数年前から折り紙など紙工作が流行り始め、今、本屋さんではたくさんの切り絵の本が売られています。

最近の切り絵の本はデザインも豊富で、初心者向けの折り紙に切り込みを入れて開いてつくるものや、切り絵のふせん、飛び出すカード、天井からぶらさげるモビールのようなものまで、おしゃれなものがたくさんあります。

私も2年ほど前から切り絵をときどき作ったりするのですが、2年たってもまだ初心者レベルで上達しません。なぜなら、「切り絵をやるのはストレス解消のため」という、とてもおしゃれとは言えない理由だからです。しかも、思い立った時にしかやらないため、特にうまくもなりません。

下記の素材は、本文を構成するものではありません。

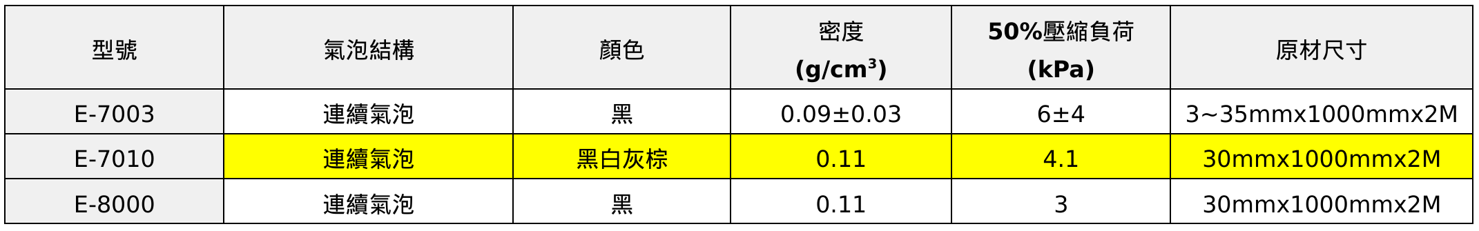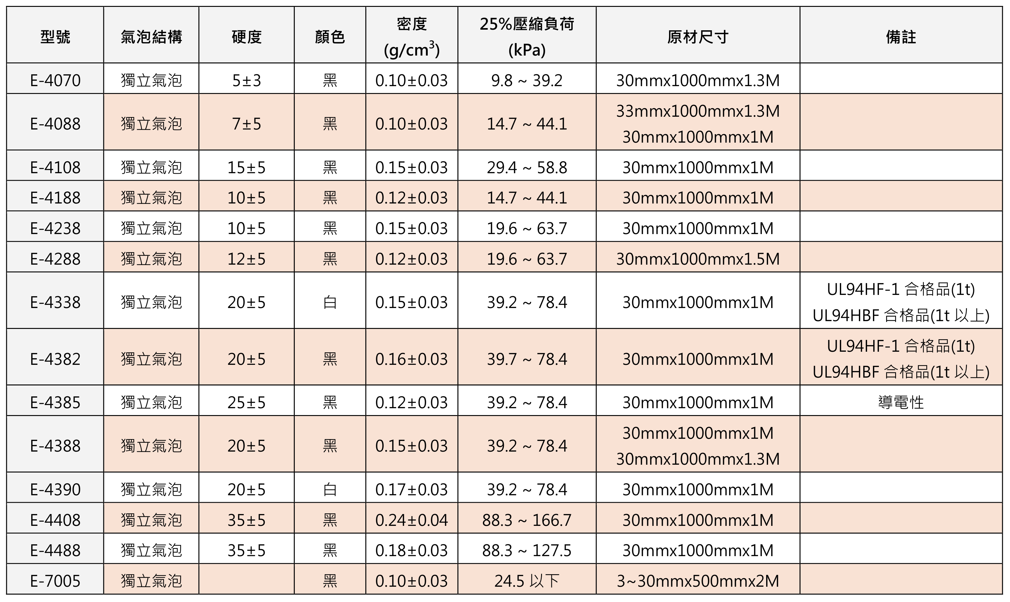特殊獨立氣泡發泡體(泡沬板):具有脫硫或導電等特殊機能的獨立發泡體或NBR系、矽膠等特殊材料發泡製成的產品。
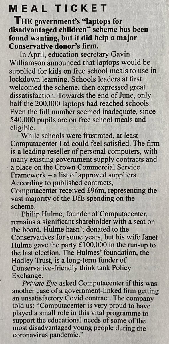 A story of free school meals, Chartwells, the Conservative party, Covid and cronyism continued...pic.twitter.com/SPgoZt9i5x
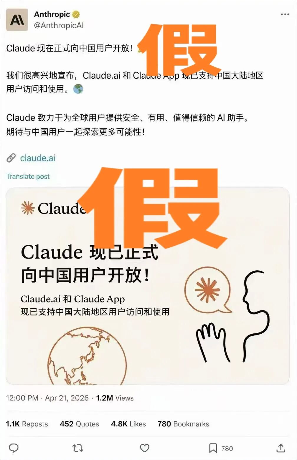 Anthropic 官方账号宣布 Claude 正式向中国用户开放,配了精心设计的宣传海报,浏览 120 万。
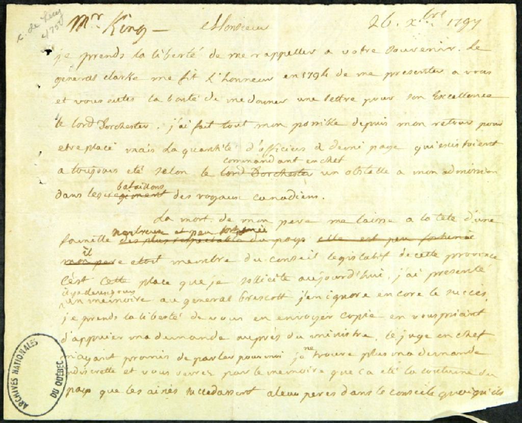 Version intégrale légèrement normalisée : «26 décembre 1797 Monsieur King ¿Monsieur Je prends la liberté de me rappeler à votre souvenir. Le général Clarke me fit l'honneur en 1794 de me présenter à vous et vous eûtes la bonté de me donner une lettre pour son excellence le lord Dorchester, j'ai fait tout mon possible depuis mon retour pour être placé mais la quantité d'officiers à demi paye qui existaient a toujours été selon le commandant en chef un obstacle à mon admission dans les bataillons des royaux canadiens. La mort de mon père me laisse à la tête d'une famille nombreuse et peu fortunée il était membre du Conseil législatif de cette province c'est cette place que je sollicite aujourd'hui, j'ai présenté il y a deux jours un mémoire au général Prescott j'en ignore encore le succès, je prends la liberté de vous en envoyer copie en vous priant d'appuyer ma demande auprès du ministre, le juge en chef m'ayant promis de parler pour moi je ne trouve plus ma demande indiscrète et vous verrez par le mémoire que ça été la coutume du pays que les aînés succédassent à leur père dans le conseil quoiqu'ils aient un prince étranger depuis la conquête. Mon père jouissait aussi d'une pension de 1200. Elle se trouve éteinte par sa mort. Si je puis obtenir par votre entremise, sa place au Conseil ce sera un pas pour avoir par la suite un emploi plus lucratif et soutenir par les bienfaits de Sa Majesté une famille des plus attachées à son gouvernement et une des meilleurs du pays qu'il est de l'intérêt et de la générosité du roi de ne pas laisser tomber en Canada. Serait-ce être indiscret de vous prier de me recommander au général Prescott son excellence m'avait promis l'année dernière qu'elle ne m'oublierait pas dans l'occasion un mot de votre part le lui rappelerait. Excusez la démarche que je fais aujourd'hui elle est fondée sur la connaissance que des personnes telle que le général Clarke et bien d'autres m'ont donné de votre caractère généreux et bienfaisant.»
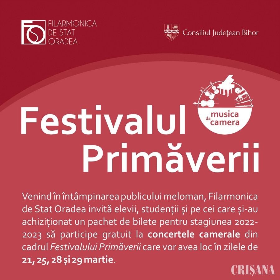 Ediția a XII-a a Festivalului Primăverii se desfășoară la Filarmonica de Stat Oradea, în perioada 21-30 martie, și cuprinde șase serate muzicale, care au loc în sala de concerte Enescu-Bartók.

こんな私ですが、それでもなぜか切り絵をずっとやっていきたいな、と思ってます。

ふせん切り絵。ふせんで作ることで、簡単に立たせることができる

ふせん切り絵。ふせんで作ることで、簡単に立たせることができる

 

 30代、ノープランで会社を辞める

私がなぜ切り絵をはじめたのか、これから少しお話ししてみたいと思います。

もともと私は、正社員として8年ほどマスコミ関係の会社で仕事をしていました。正社員で働く前は、フリーターだったのですが、2年や早くて数か月でアルバイトを転々としていました。正社員が長く続いたのは、「たぶんボーナスがあるから」というわりと現金な理由と、「とはいえ仕事に面白みを感じていたこと」が理由だと思います。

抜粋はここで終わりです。